Q2 2025 earnings summary
3 Mar, 2026Executive summary
Announced intention to move primary listing to the U.S. to align with operational focus and enhance capital market access.
Sunbelt 4.0 strategic plan execution underway, supporting growth across all geographies.
Group rental revenue rose 6% and total revenue increased 2% year-over-year, with U.S. rental revenue up 5% despite local construction market softness.
EBITDA grew 4% to $2,698m, with strong free cash flow of $420m, reversing a prior outflow.
Adjusted pre-tax profit declined 4% to $1,255m, and EPS fell 5% to 213.6¢.
Financial highlights
Group rental revenue up 6% and total revenue up 2% year-over-year for the first half; first half revenue $5,695m.
EBITDA margin improved to 47.4%; operating profit margin at 27.1%.

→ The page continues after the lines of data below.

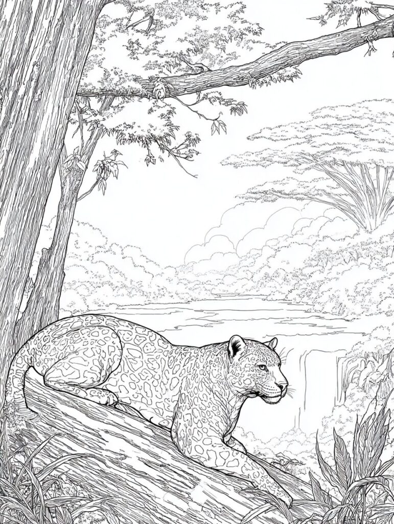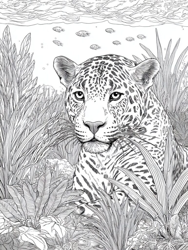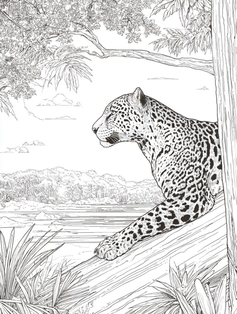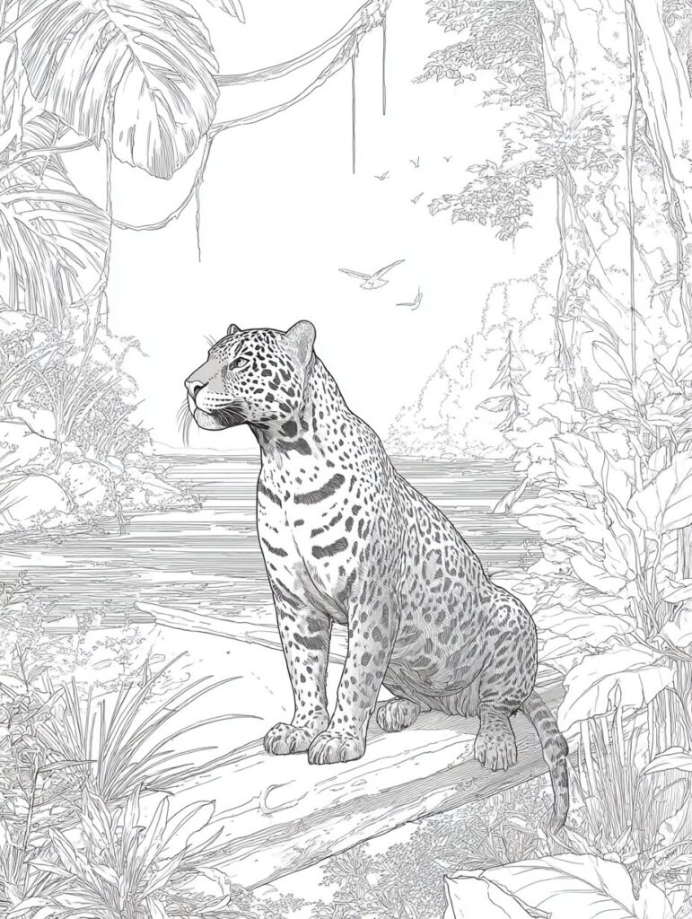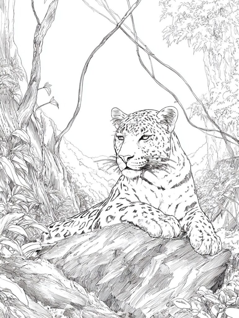 無料塗り絵:ジャガーとジャングル(大人の塗り絵)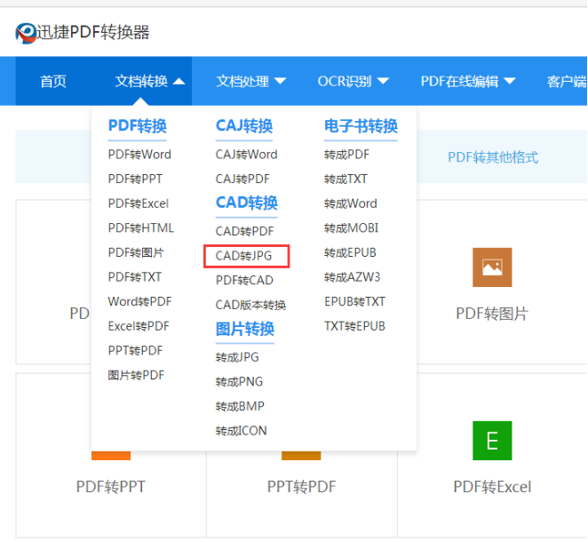 同樣是將鼠標移動到“文檔轉換”,點擊“CAD轉JPG”;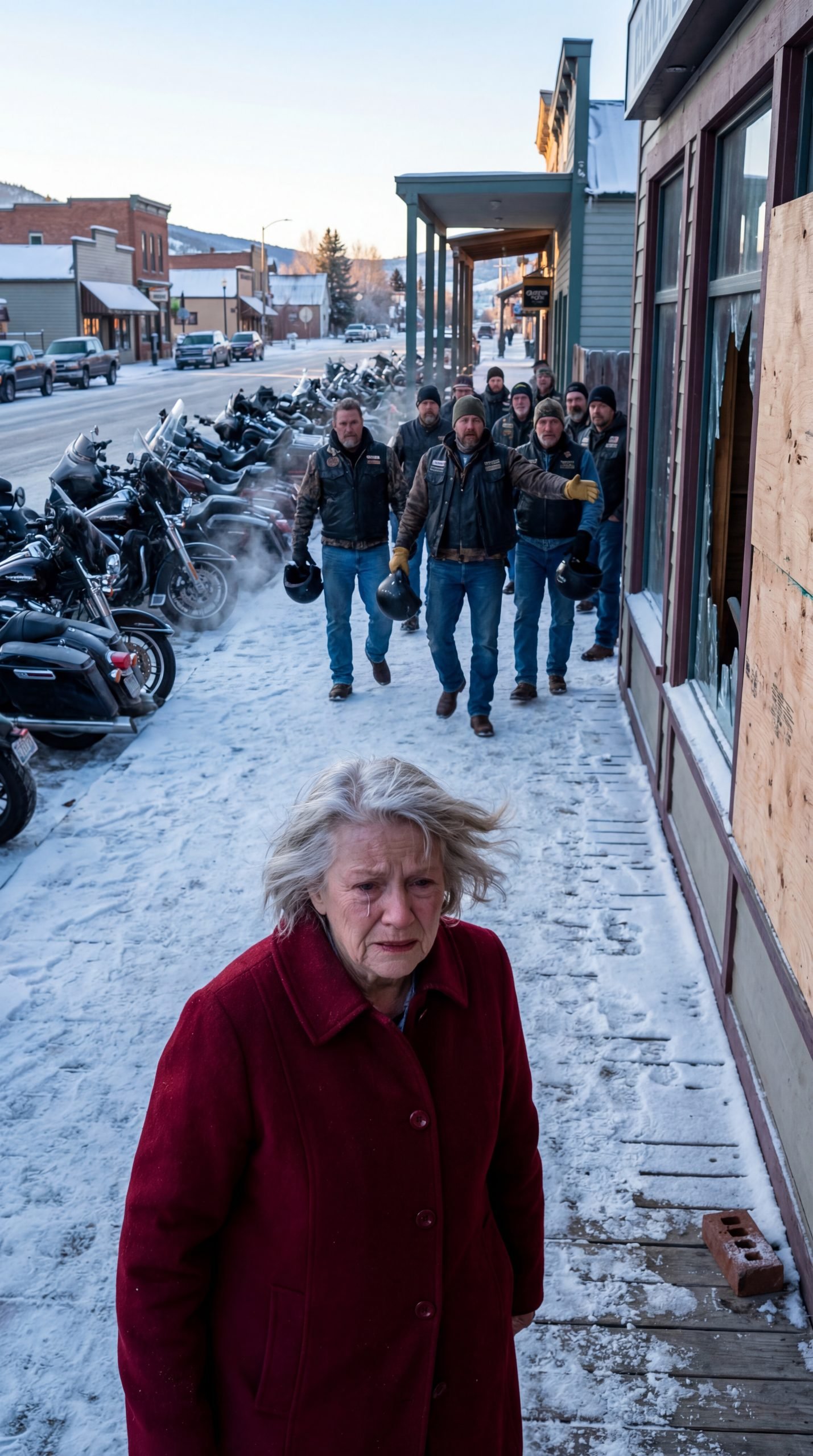 Her hand went straight under the register, gripping the old aluminum bat she kept hidden there. Because in Cedar Hollow, Montana—when winter turns cruel—you don’t wait to see what’s coming.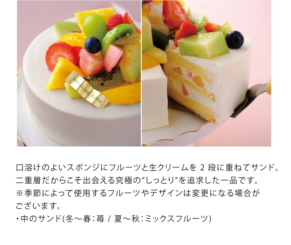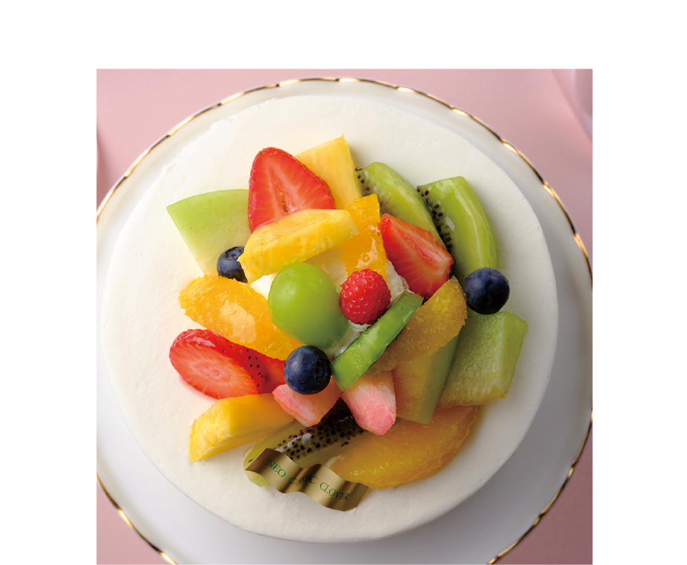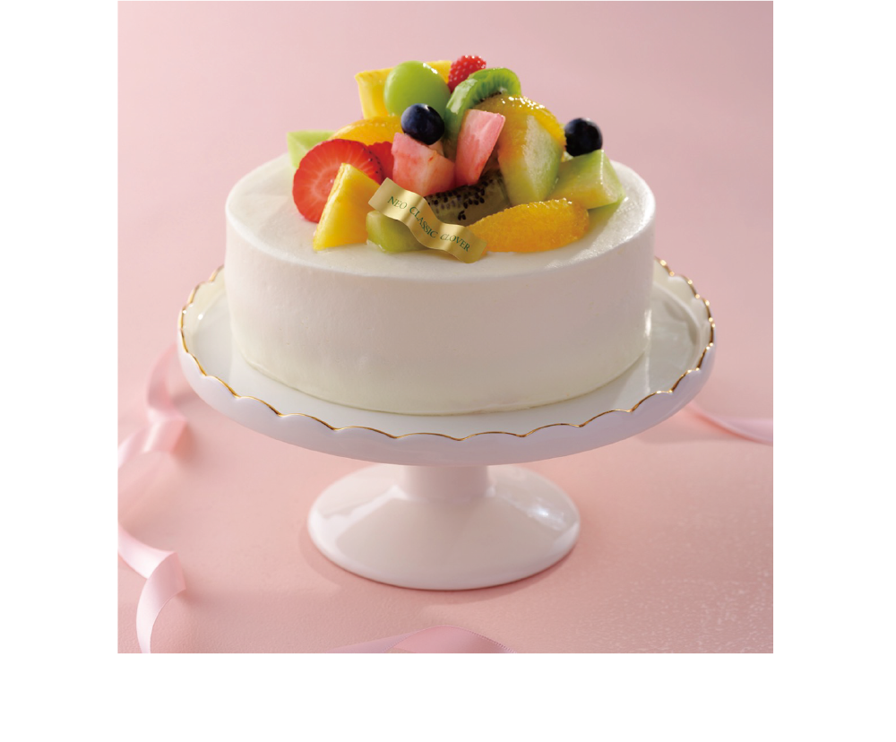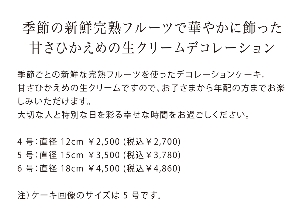 季節ごとの新鮮な完熟フルーツを使ったデコレーションケーキ。甘さひかえめの生クリームですので、お子さまから年配の方までお楽しみいただけます。大切な人と特別な日を彩る幸せな時間をお過ごしください。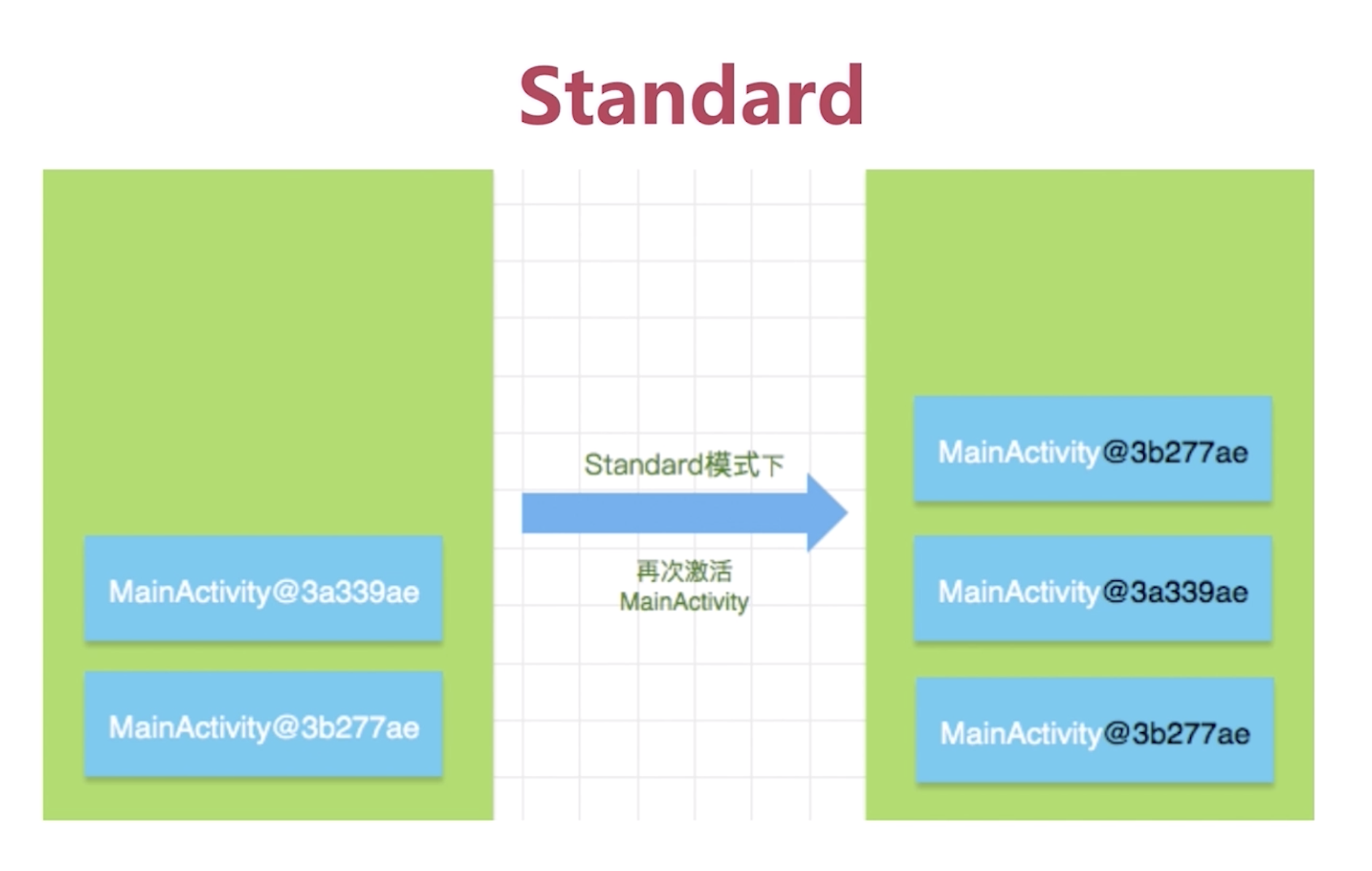 **含义**:每次启动一个`Activity`就会创建一个新的实例。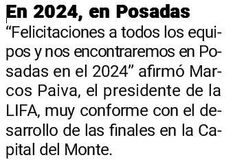 Por su parte el presidente de la LIFA, Marcos Paiva, resaltó que el evento fue declarado de interés deportivo provincial por la Cámara de Representantes. “Vamos a seguir trabajando para que el fútbol de profesionales se siga asentando en la zona centro con la LIFA y en Posadas con la ACIADEP. Gracias por el apoyo, por el acompañamiento a toda la Comisión Directiva que estuvo trabajando mucho. Felicitaciones a todos los equipos y nos encontraremos en Posadas en el 2024” afirmó el dirigente.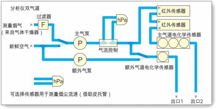 適用情況:不含酸性氣體(如SO2,NO2)的測試;環保部門實地監察的抽檢測試;鍋爐燃燒效率測試。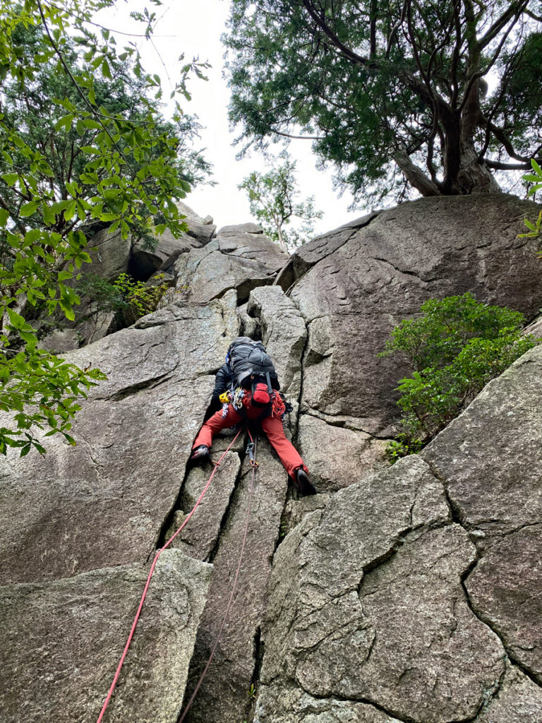 P7終了点から迂回路でP7取付へ戻り、次はS根さんにP7の1ピッチ目を初リード登攀してもらった。カム打ち練習もしてもらえて、自信をつけてもらったのではないだろうか。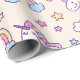 Kawaii chubby volando unicornios patrón arcoiris papel de envoltura pastel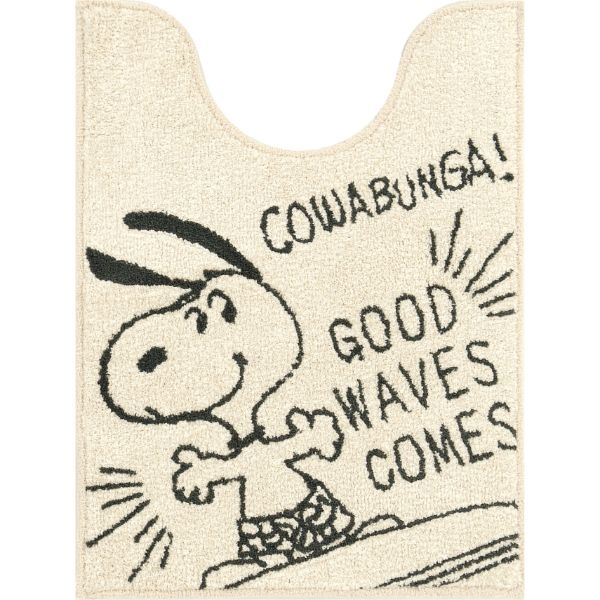 サーフィンデザインのスヌーピーがキュートな、アイボリーのトイレマットです。カラーがシンプルなので、どんなトイレにも合わせやすそう♪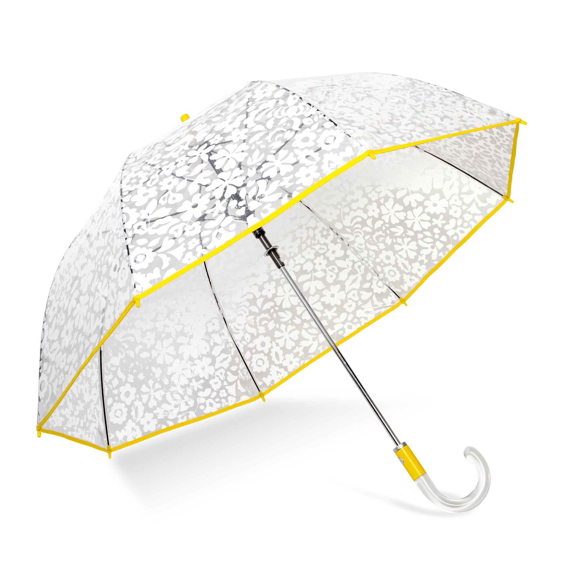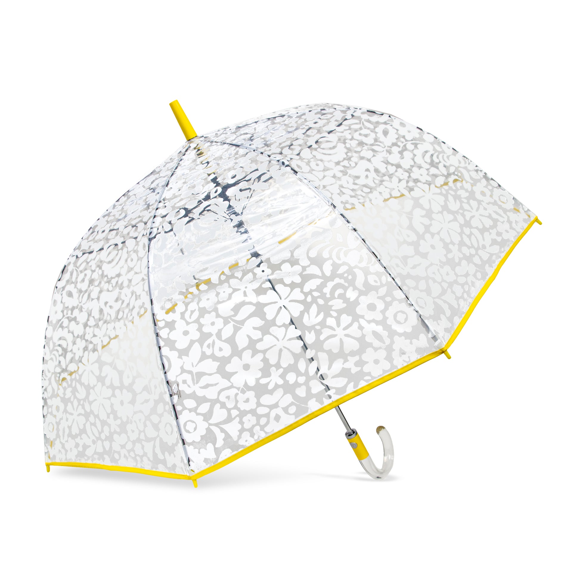 Trina Turk’s energetic yellow Poolside Gossip print creates a beautiful see-through canopy accompanied by sturdy fiberglass ribs and a chromed steel shaft, resulting in a flawlessly functional bubble umbrella that keeps you well-protected and your vision clear in style.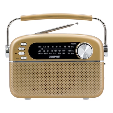 Geepas راديو قابل للشحن مع بلوتوث، 3 موجات راديو، GR13015، مدخل ايه يو اكس، بطارية قابلة للشحن، عملية AC/DC، بطاقة بلوتوث/ اف ام/ ام بي 3/ يو اس بي بي/ تي اف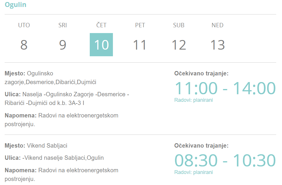 Ogulinsko Zagorje, Desmerice, Ribarići, Dujmići od 11 do 14 sati bit će danas, 10. ožujka bez struje dok će radovi i obustava u Vikend Naselju Sabljaci biti od 8 do 10:30, javljaju iz HEP-a.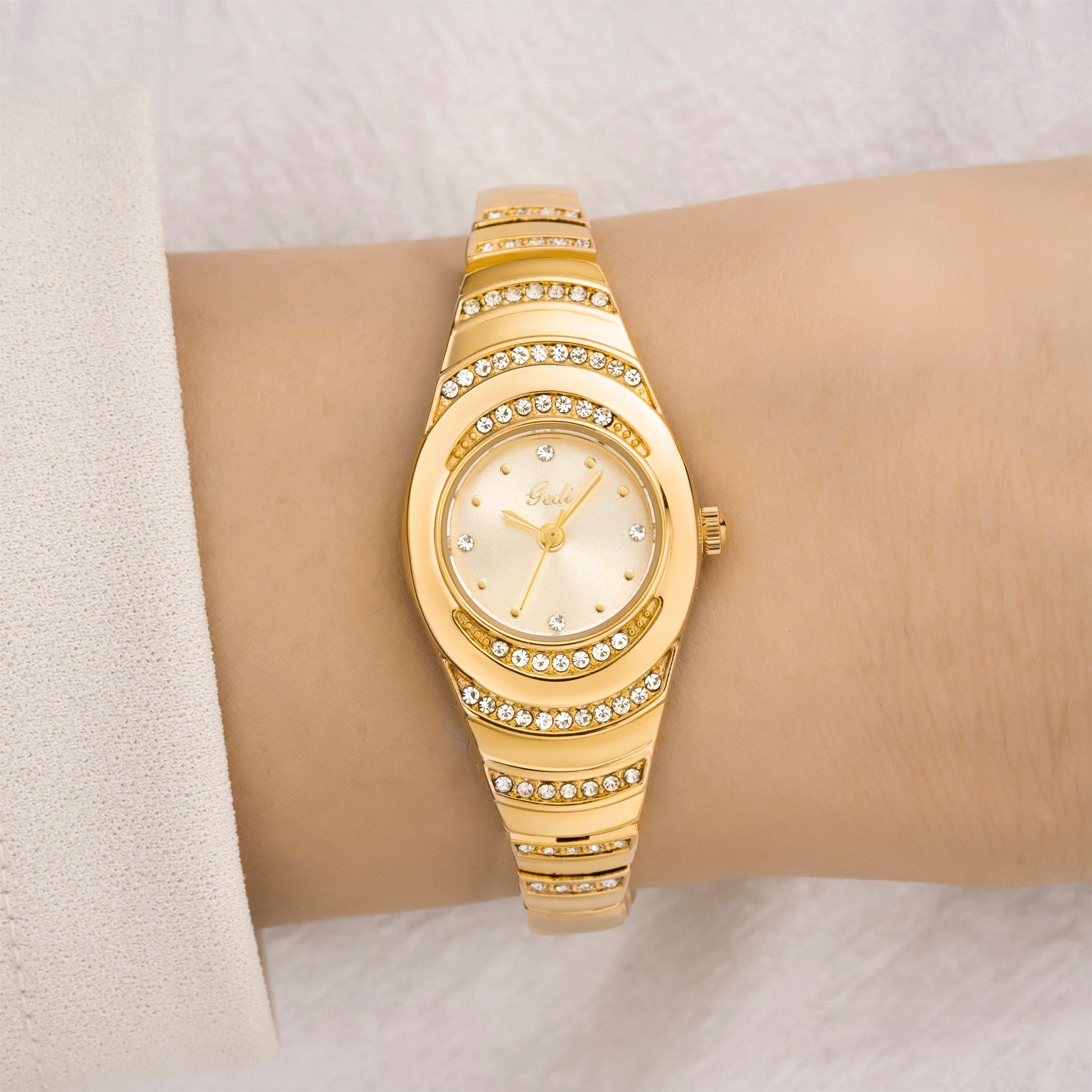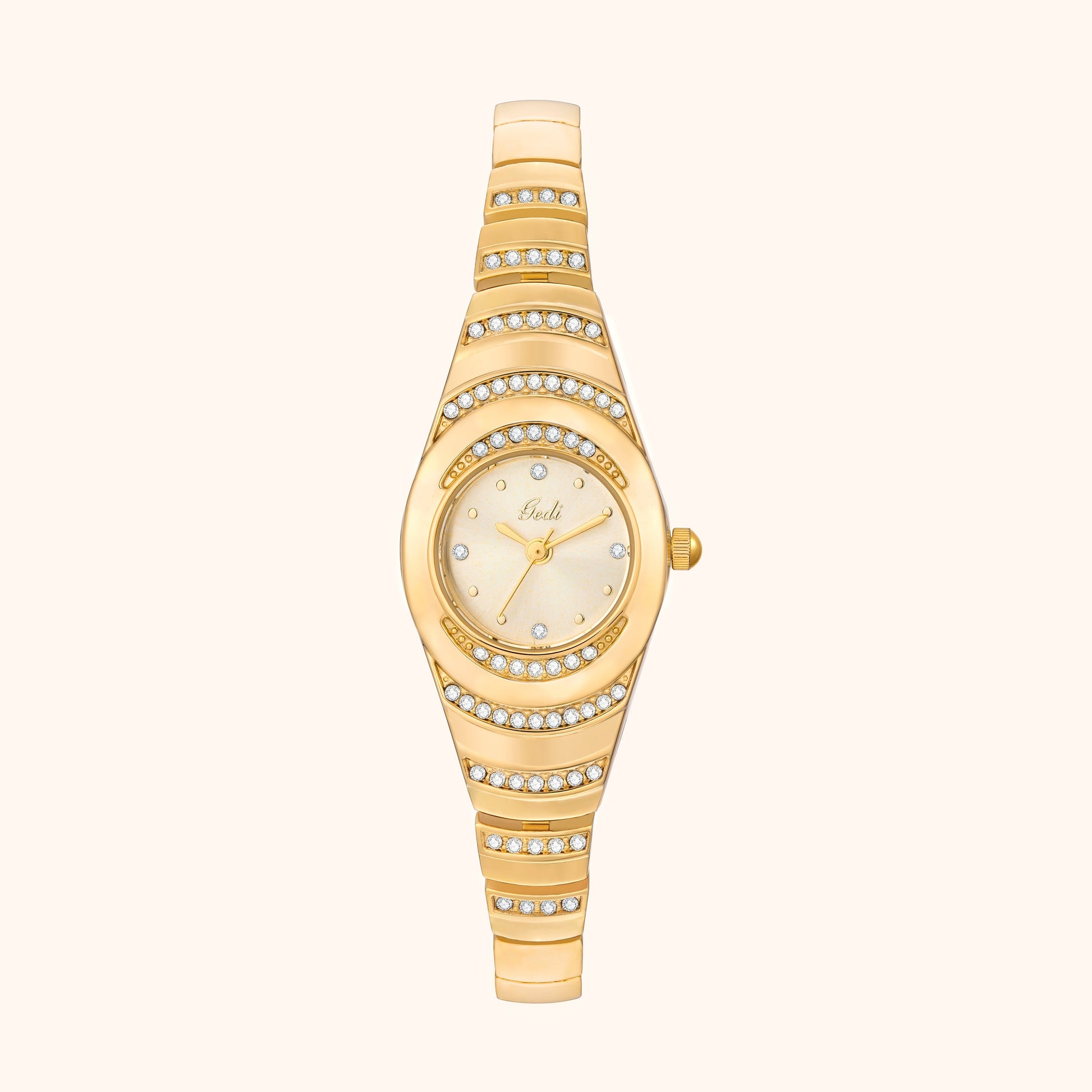 - Armband: Goldbeschichtete Legierung, verstellbar

Net debt to EBITDA at 1.7x, within target range; net debt at period end $10,945m.
Capital expenditure totaled $1.7bn, with 36–47 new locations opened in North America.
Lower used equipment sales resulted in gains of $35m, down from $113m last year.
Outlook and guidance
U.S. rental revenue growth guidance revised to 2–4% for the year; group guidance to 3–5%.
CapEx guidance reduced to $2.5–2.7bn, down from previous $3.0–3.3bn.
Free cash flow for the year expected around $1.2–1.4bn.
No expectation for local construction market rebound before late 2025.
Outlook remains positive, supported by mega projects and Sunbelt 4.0 initiatives.